Give back exactly the lines of the material below that start at the one holding "대전형 노사상생모델 ‘좋은" and end at the last line, minus the pictures.

===== Raw data =====

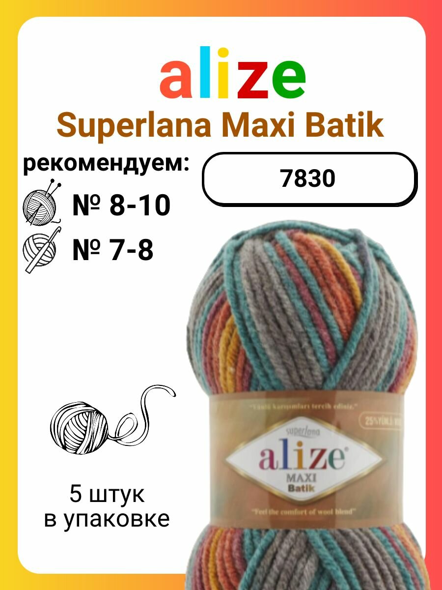 Пряжа Alize Superlana Maxi Batik 7830, 100 г, 100 м, 5 штук
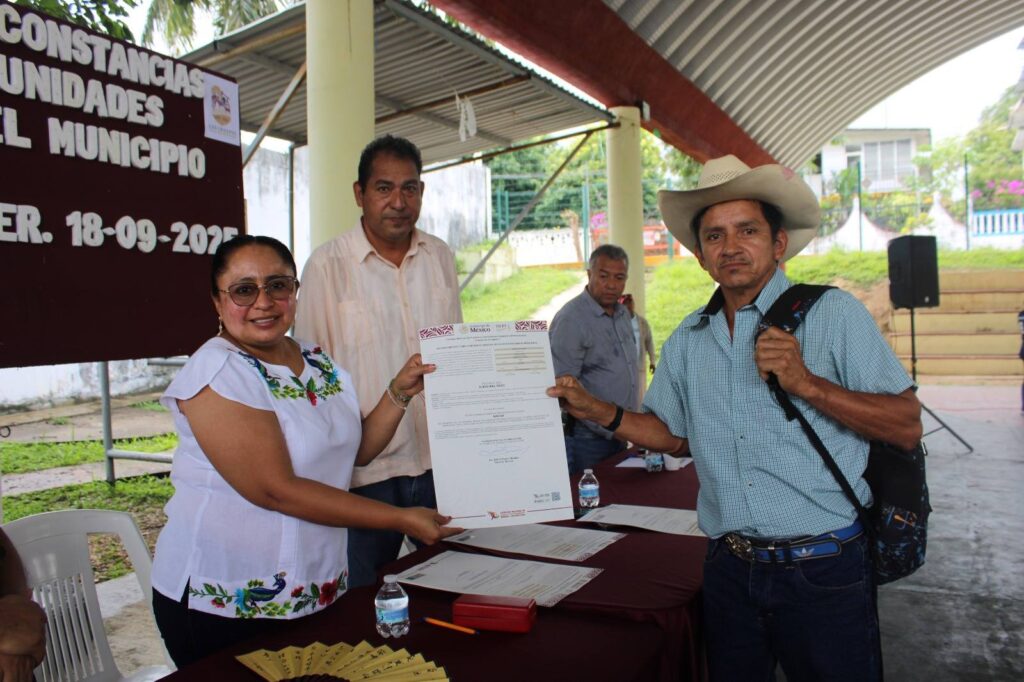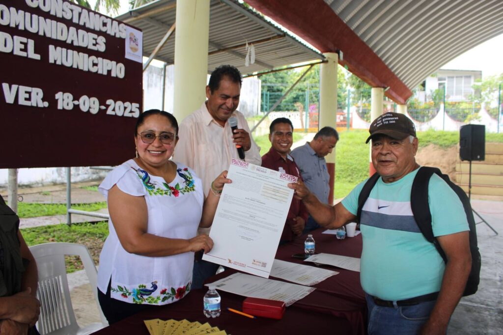 Las Choapas, Ver., a 18 de septiembre de 2025.- Durante la entrega de 46 reconocimientos a igual número de comunidades inscritas dentro del catálogo Nacional de Pueblos y Comunidades Indígenas y Afromexicanas, la Presidenta Municipal Mariela Hernández García, pidió a las comunidades respaldar a sus autoridades municipales, para así trabajar en equipo y darle solución a las diferentes necesidades que presenten.
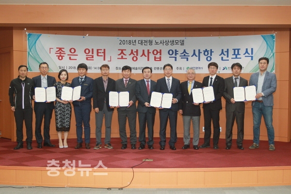 대전형 노사상생모델 ‘좋은 일터’ 조성사업에 선정된 20개 기업이 10일 대전예술의전당 컨벤션홀에서 근로시간 단축, 정규직 전환 등 약속사항을 선포했다.
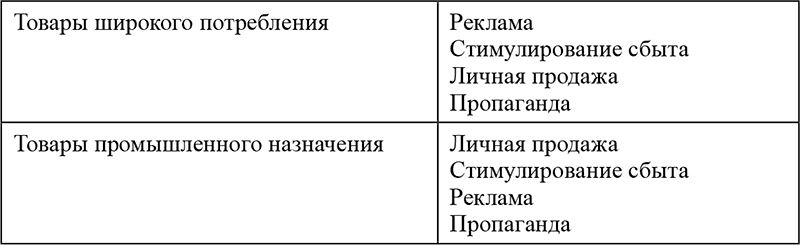Таблица 11.1. Относительная значимость основных средств воздействия на покупателя с целью продать (приобрести) товар

=====

Written answer →
 대전형 노사상생모델 ‘좋은 일터’ 조성사업에 선정된 20개 기업이 10일 대전예술의전당 컨벤션홀에서 근로시간 단축, 정규직 전환 등 약속사항을 선포했다.
Таблица 11.1. Относительная значимость основных средств воздействия на покупателя с целью продать (приобрести) товар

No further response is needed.